The association of HLA-DR3 and anti-SSB is well supported from previous studies of patients with SLE and Sjogren’s syndrome.[31] In our SLE patients, 12 of 17 SSB positive patients were HLA-DR3 positive. McHugh and al in 2006 had reported a strong association between anti-La antibodies and HLA-DR3 positive; they suggested that the presence of a HLA-DR3 containing haplotype greatly facilitates anti-SSB autoantibody generation and that there may be a strict MHC Class II requirement for processing of SSB peptides.[19] The association between HLA and anti-SSB autoantibodies was not established in the study of Ayed et al.[4] The differences we found with these authors provide an additional argument supporting the view that southern and northern populations in Tunisia exhibit different epidemiological features and a particular genetic background.

Finally, concerning HLA haplotype, the most evident association we found was with the haplotype DRB1*15-DQB1*06, association already described by others.[4-19]
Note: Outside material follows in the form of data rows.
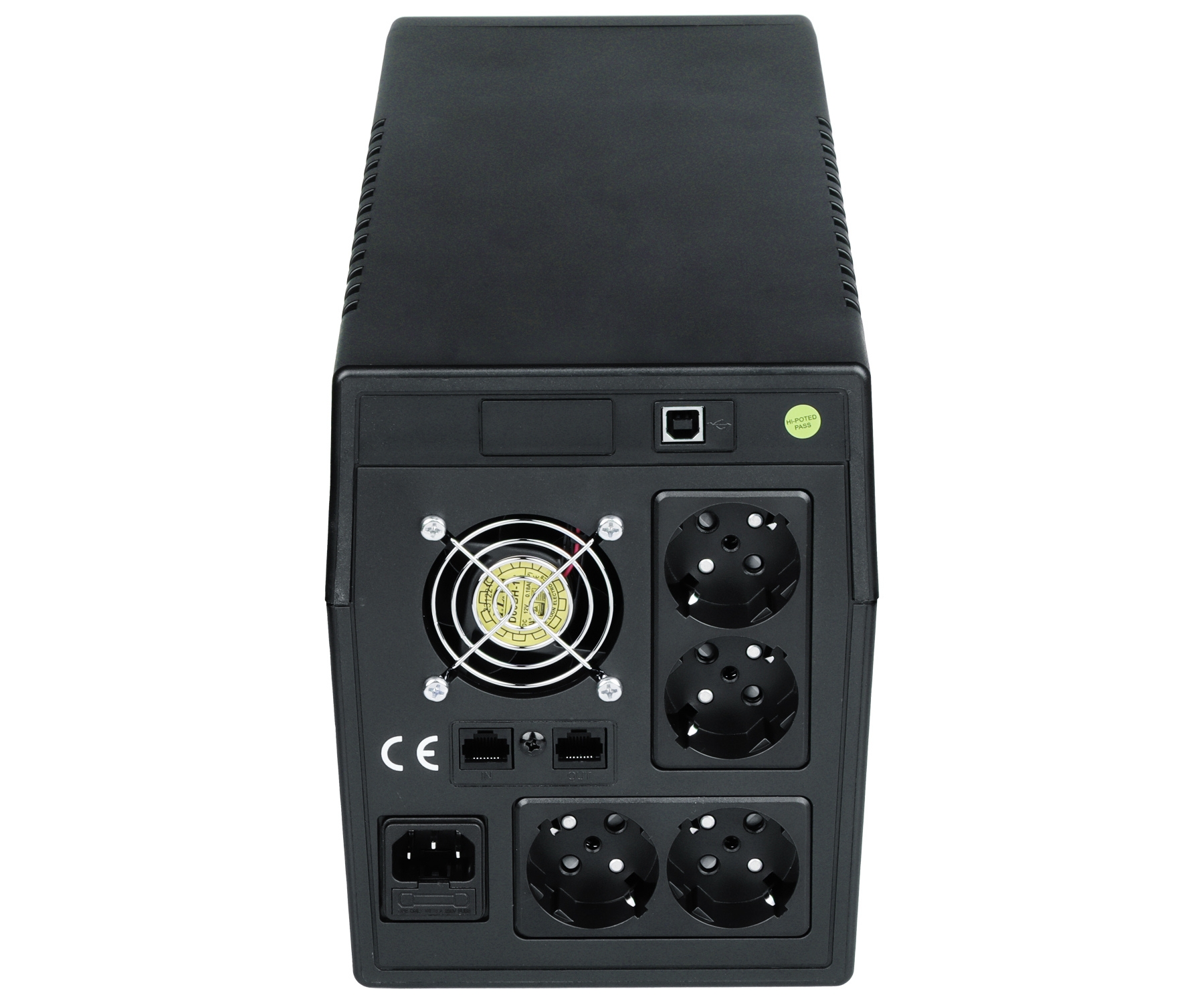 Output voltage shape: Pure Sine Wave ; Nominal power: 1400 W ; Apparent Power: 2000 VA ; Battery: 2 pcs ; Estimated battery operation time: ≤ 60 minutes - depending on the load ; Number of outputs: 4 pcs CEE 7/3 (Schuko) ; Operation state indication: LCD display: operation mode, battery charging level, in/out voltage level, Work load, Overload signaling, Failure signaling, Low battery level alarm, Sound signaling ;
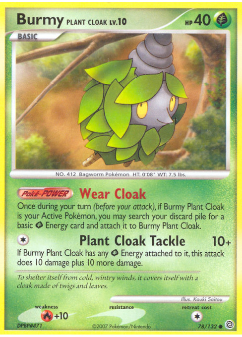 Once during your turn (before your attack), if Burmy Plant Cloak is your Active Pokémon, you may search your discard pile for a basic Grass Energy card and attach it to Burmy Plant Cloak.
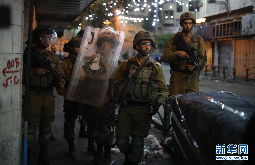 5月12日,以色列边防警察在约旦河西岸城市希伯伦街头与巴勒斯坦示威者对峙。
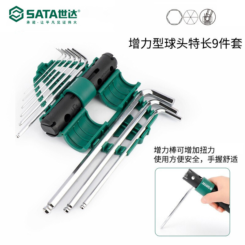世达工具内六角扳手套装9件增力型特长球头内六角组套内六方09124
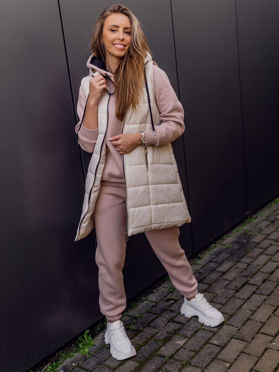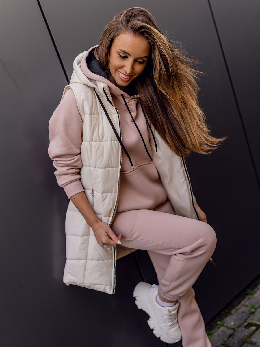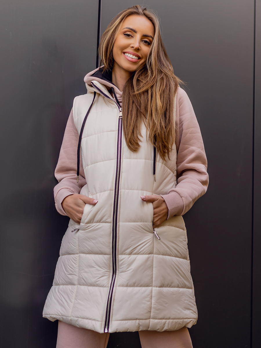 Дълъг капитониран дамски елек в цвят екрю Bolf 82019

In conclusion, the present findings confirm once again the implication of HLA-DR3 in SLE susceptibility and in anti-SSB production while no protective allele was found. This differs from reports of studies from north Tunisia in which no correlation with autoantibodies production was described, whereas HLA-DR11 was protective. These differences may be due to the disparity in allele’s frequencies that could be related to admixture with different populations.